Anthony Dagostino, head of global cyber risk, Willis Towers Watson, says, ‘As the world has seen with the proliferation of phishing scams, most recently highlighted by the global WannaCry ransomware attack, the opening of just one suspicious email containing a harmful link or attachment can lead to a company-wide event. However there appears to be a disconnect between executive priorities around data protection and the need to invest in a cyber-savvy workforce through training, incentives and talent management strategies.’
Willis Towers Watson’s Survey also details additional barriers that companies feel impact their cyber preparedness and the degree to which corporations are providing cyber training to their employers. Some additional findings include:
More than 30 per cent of employees surveyed have logged into their work-designated computer or mobile device over an unsecured public network (such as public Wi-Fi).
Only 40 per cent of the employers surveyed feel that they had made progress addressing cybersecurity factors tied to human error and behaviours in the last three years.
‘Hackers are exploiting the fact that while corporations are building walls of technology around their organisations and their networks, by far the biggest threat to corporate digital security and privacy continues to come from the employees within, often completely by accident,’ says Dagostino.

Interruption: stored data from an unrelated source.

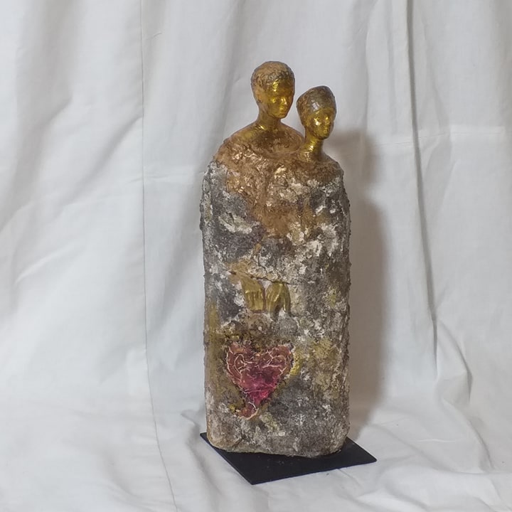 Sculpture pair in the colors of rock / stone, with embossed heart
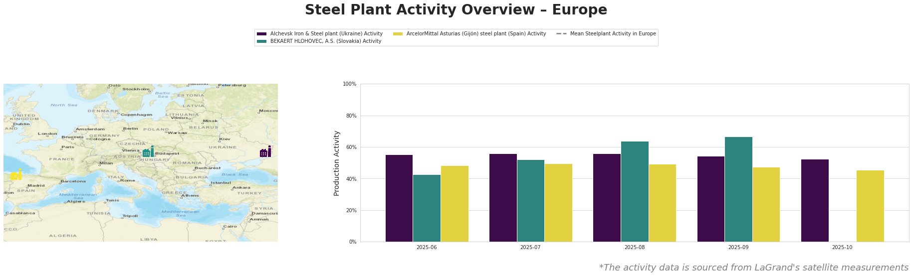 Alchevsk Iron & Steel plant, located in the Luhansk region of Ukraine with a crude steel capacity of 5472 ttpa, has shown a moderate decrease in activity from 55% to 52% between June and October. Being an integrated plant reliant on BF/BOF technology and producing primarily semi-finished and finished rolled products, the facility’s output could be affected by regional instability. No direct relationship could be established between the observed activity levels and the provided news articles.
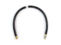 Sloan rubber air hose assembly 452136 is 36 inches long with a 1/2 inch inner diameter. The hose includes one fixed and one swivel 3/8"-18 brass fitting and meets SAE J1402 and DOT-106 certification. 225 psi maximum operating pressure. The permanent live swivel fitting retains the ability to swivel after installation.
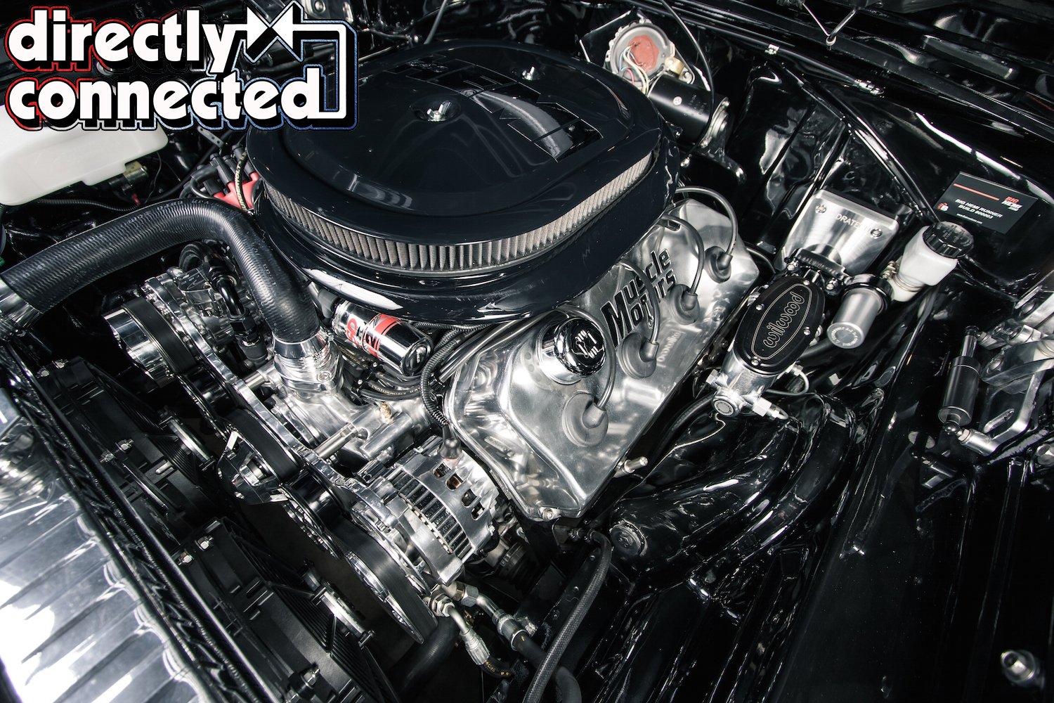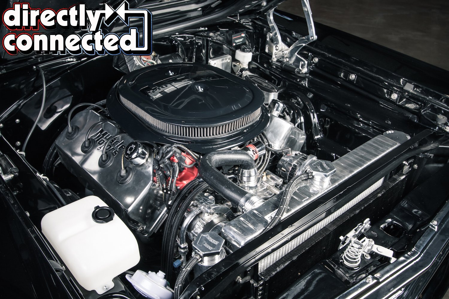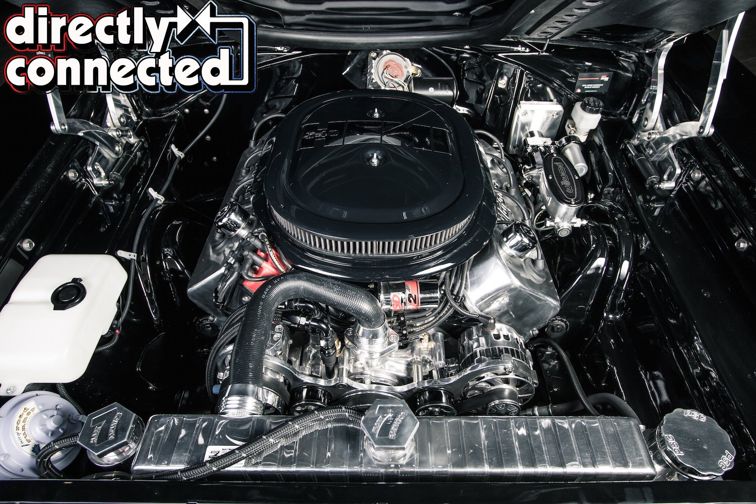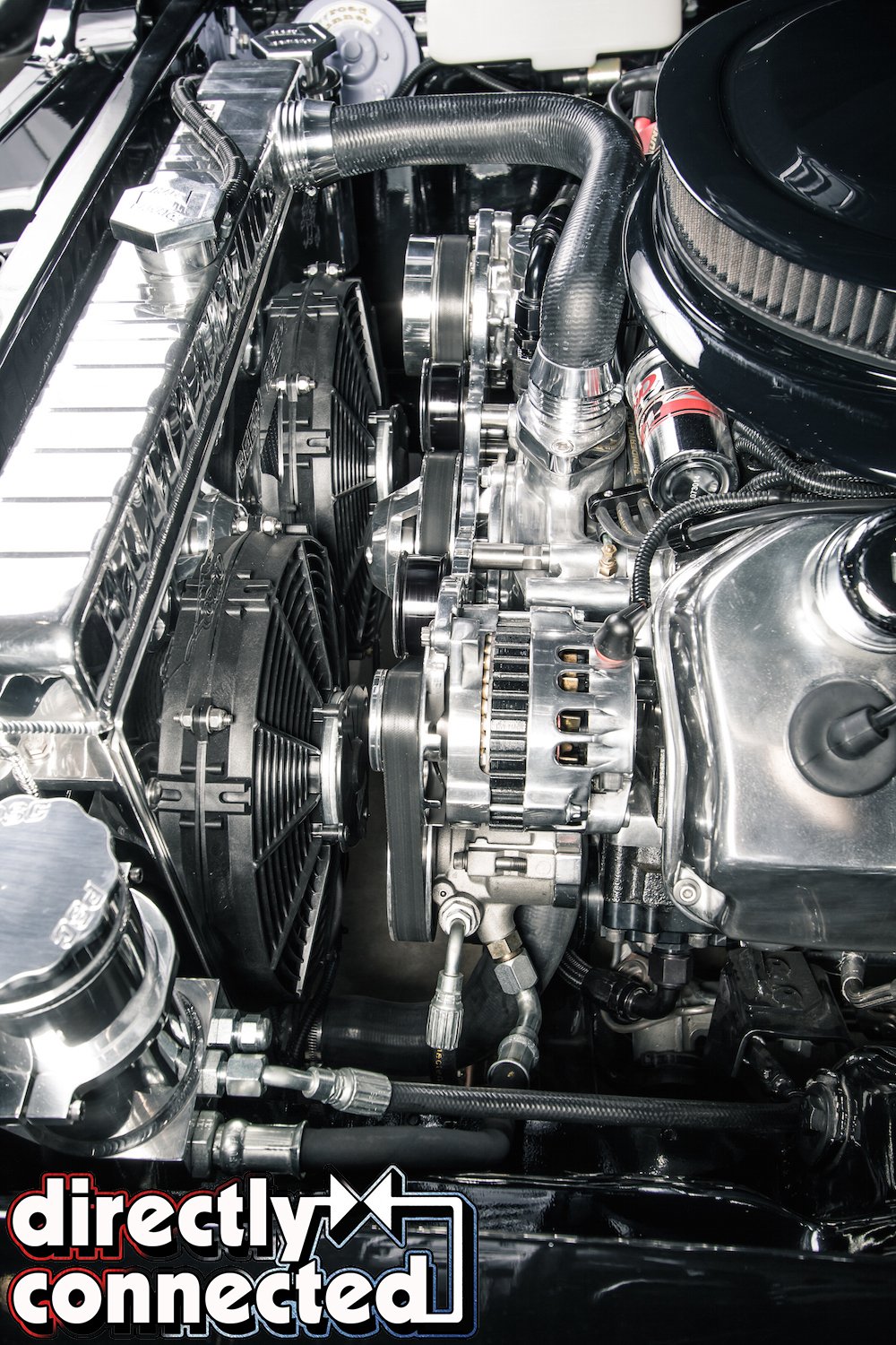 A Silver Sport Tremec 5-speed manual transmission conversion replaces the original TorqueFlight 3-speed automatic, and benefits from a deep overdrive 5th gear, allowing to the big Hemi to cruise at highway speeds, thanks in large part to the 3.55 gears in the Dana 60 rearend. Bair also hid all of the plumbing wherever possible. AN fittings and premium braided nylon lines feed the engine from a custom stainless steel gas tank with an internal Aeromotive pump. A giant Mark 7 polished aluminum radiator is cooled by dual electric fans, and a serpentine belt system from Billet Specialties includes a 105amp Powermaster alternator, Sanden SD-7 A/C compressor, Mopar Performance aluminum water pump, and power steering pump.
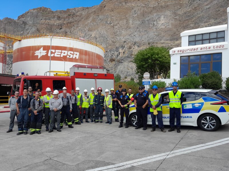 La compañía Cepsa ha realizado un simulacro en su planta de almacenamiento de La Jurada, con amplio despliegue externo. Se simuló la activación del Plan Autonómico de Riesgo Químico en Canarias
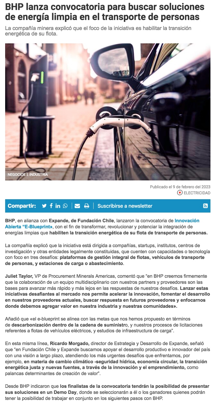 BHP y Expande lanzan convocatoria de innovación en energías limpias para transporte de personas - (mineriayfuturo.cl)
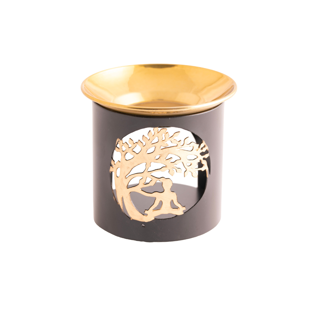 Dieses Stövchen ist die perfekte sanfte Methode, deine lose Räucherware zu verräuchern. Unten ein Teelicht und oben in der Schale kannst du deine Kräuter verglimmen. Die Schale ermöglicht ein ganz sanftes Räuchern und gibt die Düfte leicht an die Atmosphäre. Innen ist das Stövchen gold, was für die Fülle steht. Das Motiv "Lebensbaum und Buddhi" steht für den Fluss des Lebens und dich selbst - es darf eine Erinnerung an dich selbst sein, dass du dir immer wichtig sein darfst. Das Stövchen kannst du ohne Schale auch als Windlicht nutzen.

‘A truly holistic cyber risk management strategy requires at its core a cyber-savvy workforce, however organisations first have to know where the vulnerabilities are in order to plug the gaps. Many organisations are facing talent deficiencies and skills shortages in their IT departments, which in turn are creating significant loopholes in their overall security measures.
‘According to the Survey respondents, the costs associated with minimising cyber risk will continue to rise as technology evolves and becomes more sophisticated. This heavy emphasis on technology is crucial given the competing sophistication of cyber criminals, but it is also encouraging that human capital solutions and improvement of operating procedures will be a priority for over 70 per cent of organisations in the next three years based on the Survey,’ says Dagostino.